#### DATA PROVIDED

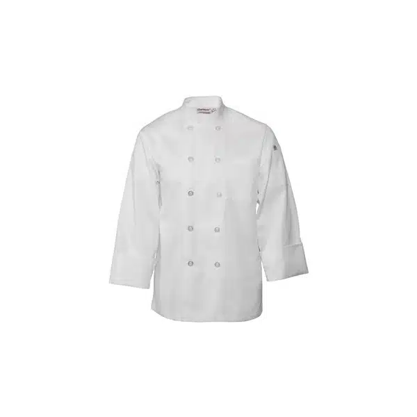 Veste chef unisexe blanche, idéale pour tous les environnements CHR, des restaurants étoilés aux cuisines d’hôtel.
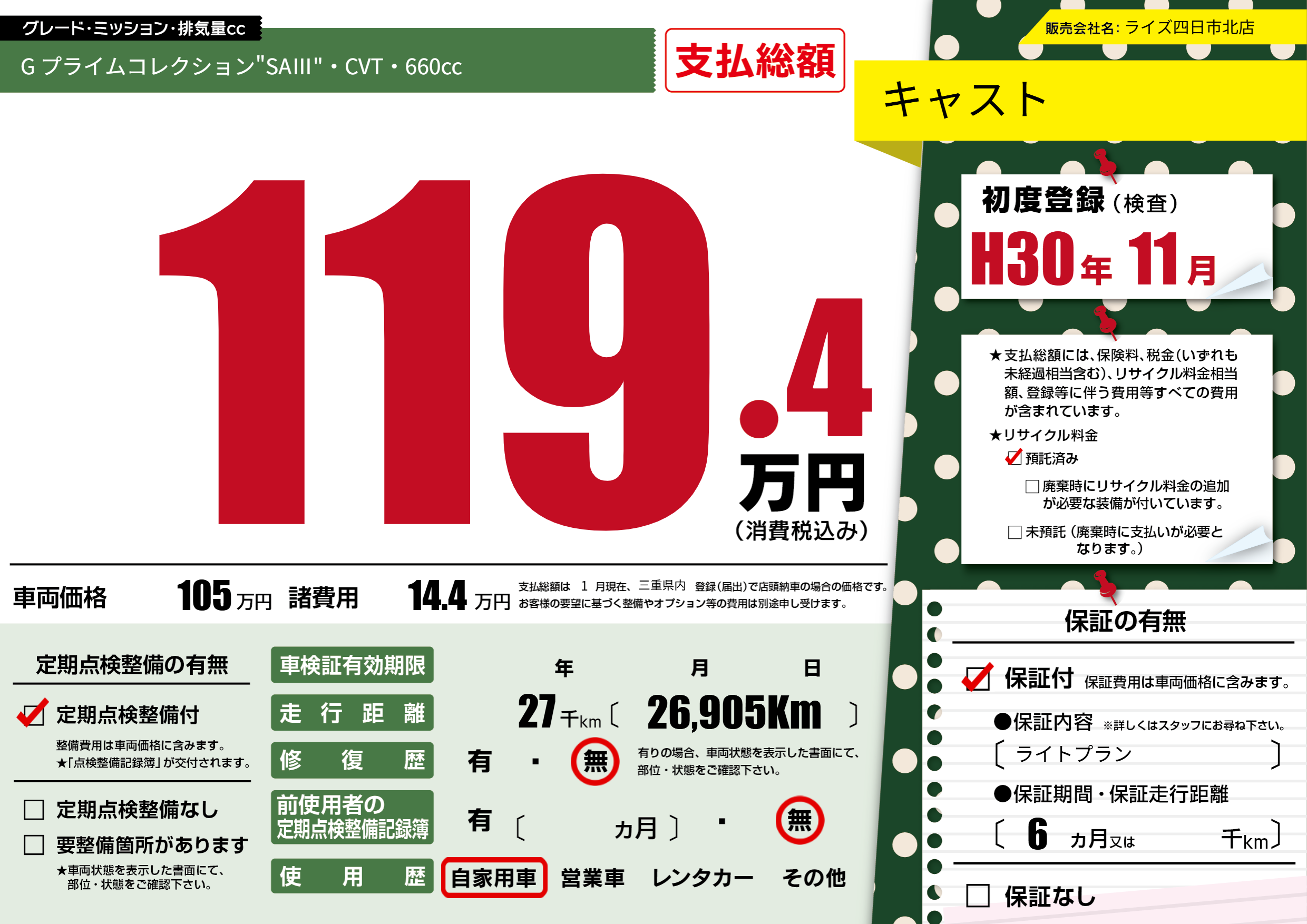 | 車名 | キャスト | グレード ミッション 排気量 |
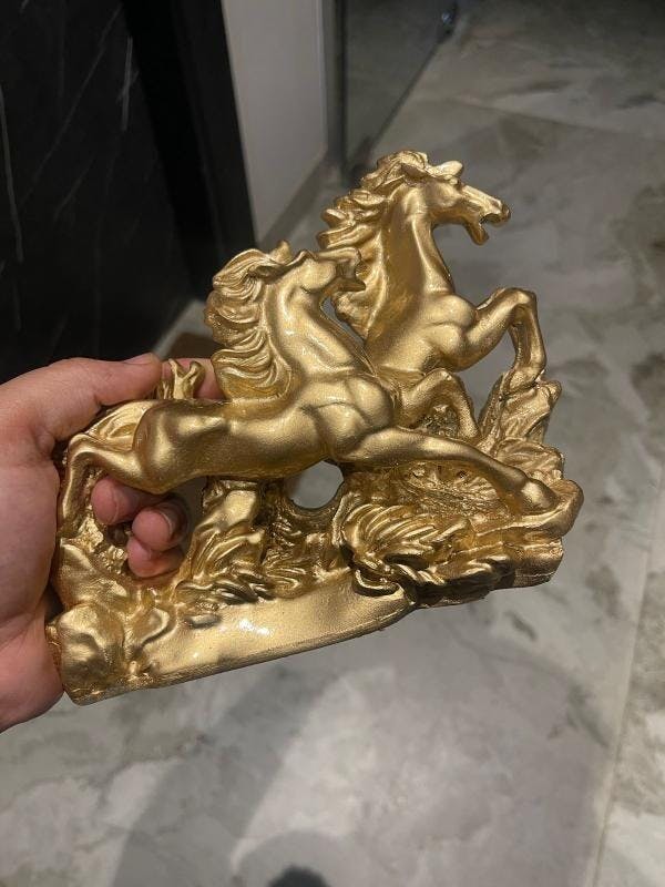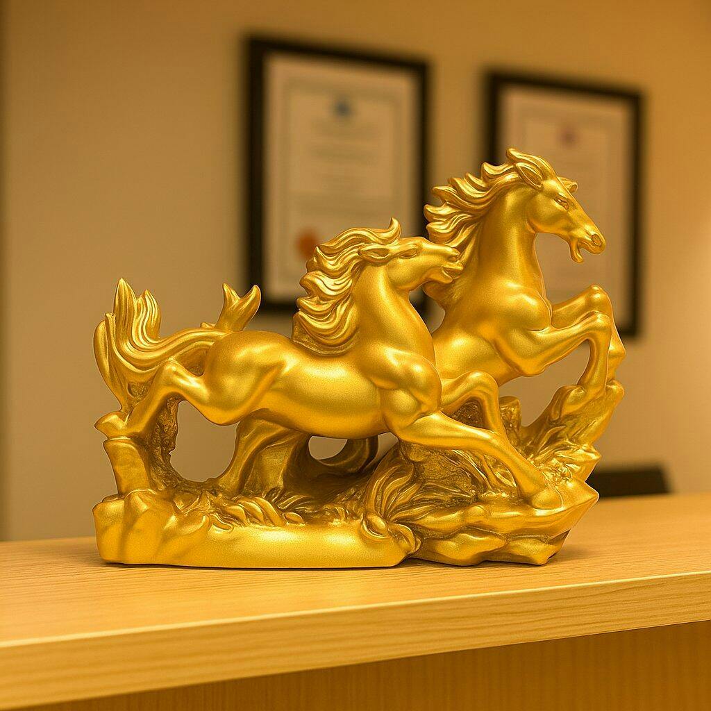A pair of Golden Horses is highly symbolic, representing good fortune, wealth, stability, control, vitality, and nobility. For optimal results, it is recommended to place this horse in the southwest corner of a room or office to enhance mobility and attract desired respect, fame, and popularity in one's life.

########

AIM OF THE EXERCISE >> If the data includes images, skip them and copy every line exactly.

THE COMPLETED TASK >>
 Veste chef unisexe blanche, idéale pour tous les environnements CHR, des restaurants étoilés aux cuisines d’hôtel.
 | 車名 | キャスト | グレード ミッション 排気量 |
A pair of Golden Horses is highly symbolic, representing good fortune, wealth, stability, control, vitality, and nobility. For optimal results, it is recommended to place this horse in the southwest corner of a room or office to enhance mobility and attract desired respect, fame, and popularity in one's life.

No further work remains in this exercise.